The 600 SCARs are the first of 1,800 that U.S. Special Operations Command began fielding in early April, SOCom spokeswoman Air Force Maj. Denise Boyd told Army Times.

SOCom chose the SCAR system — which consists of the 5.56mm MK16 and the 7.62mm MK17 — to replace weapons including the 5.56mm M4A1 carbine, made by Colt Defense LLC.

http://www.armytimes.com/news/2009/05/army_scar_051109w/


----------



## Ravage (May 12, 2009)

I've read they are not quite happy with it but FN is pushing it even so...


----------



## dknob (May 12, 2009)

Whhhaat?? Damn, I did not expect that. 

I figured the next move would be to get em HK416s... Thats all we talked about before I left in 2007.


----------



## RAGE275 (May 12, 2009)

Figures.
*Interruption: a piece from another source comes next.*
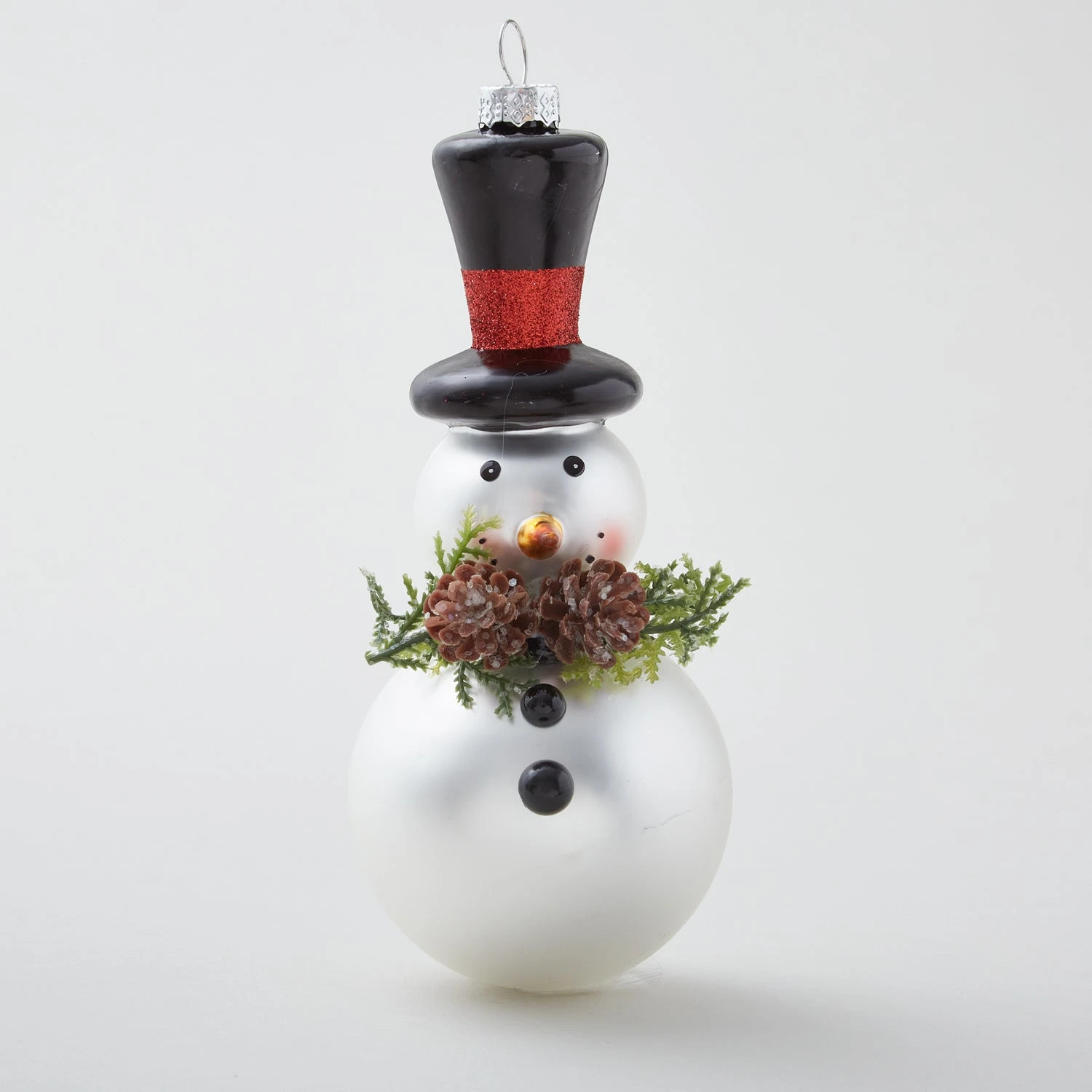 Decorate the tree with this cute blown-glass snowman ornament. The 6.5” tall snowman features a glittery red hatband, and manufactured pinecones and greenery sprinkled with snow-like glitter.

Now that I'm home. It's been big talk around work about that and a few other things. Marpat uniforms, Merrells being allowed again, all sorts of cool stuff. Who knows if it'll actually happen though.


----------



## 1/75thBatboy (May 13, 2009)

So the SCARS are in then?! I seen all the weapons that would be coming in after I left but for some reason I thought I heard them saying they'd go with the H&Ks.  Its about time we get a 7.62 rifle also.   As for the Merrells, those were the best "cool guy" boots they ever let us wear and I still hike with the same pair.  Comfortable too alongside the Matahorns.  Ha, I remember Gen. Freakley in OEF '05 sending one of his e6 goons to my table in the chow hall asking us who the hell let us wear those boots lol.


----------



## casperxb12r (May 16, 2009)

Dude, why are people wrapped around the axle about fucking boots, that honestly don't even last? This post was suppose to be about the future of our next gladius and blokes are bickering about shitty boots, lol. I am not trying to be an ass but come on guys, who cares how it is spelt or if they were or were not being allowed to be worn. The fact is any unit worth a shit doesn't put an a priority on what you were so much as what you do. You know what I mean? Let's face it, over here, right now, shit is fucked up and we are sitting on our thumbs just begging to get out the wire because some one wants to get his fucking "star". I didn't join the community and go through( and it was extensive) hell to be in two different sof units just to have somebody who is out to get his and fuck winning the war. Things like the new scar will give us the nessisary advantage that we can not exspect with the current M4A1. Don't get me wrong I love my M4, good ergonomics, user friendly, and versitile but damn if you don't have problems with the 77grain rounds, constanly fouling up under extreem useage, and our new optices have to compete with the FUCKING front sight appature. Man I hate that thing. So in conclusion my brothers, lets not forget the we are trying to move forward smartly dispite what Obama, Palosie, and all those other socialists want. We have to maintain our vigilance and our focus on what is most important, our freedome and the man standing left and right of you. Strength and honor.


----------



## Rabid Badger (May 17, 2009)

Back to SCAR....:uhh:;)


----------



## lockNload (May 17, 2009)

Well shit there goes the links to the Merrels I was going to return to :doh:   The topic shifted from the original content intended but there was some good info in there :uhh:


----------



## koz (May 17, 2009)

Here- 

https://shadowspear.com/vb/showthread.php?p=281213#post281213


----------



## lockNload (May 18, 2009)

Thanks


----------



## 08steeda (May 18, 2009)

Anyone used a SCAR yet? How do you like them?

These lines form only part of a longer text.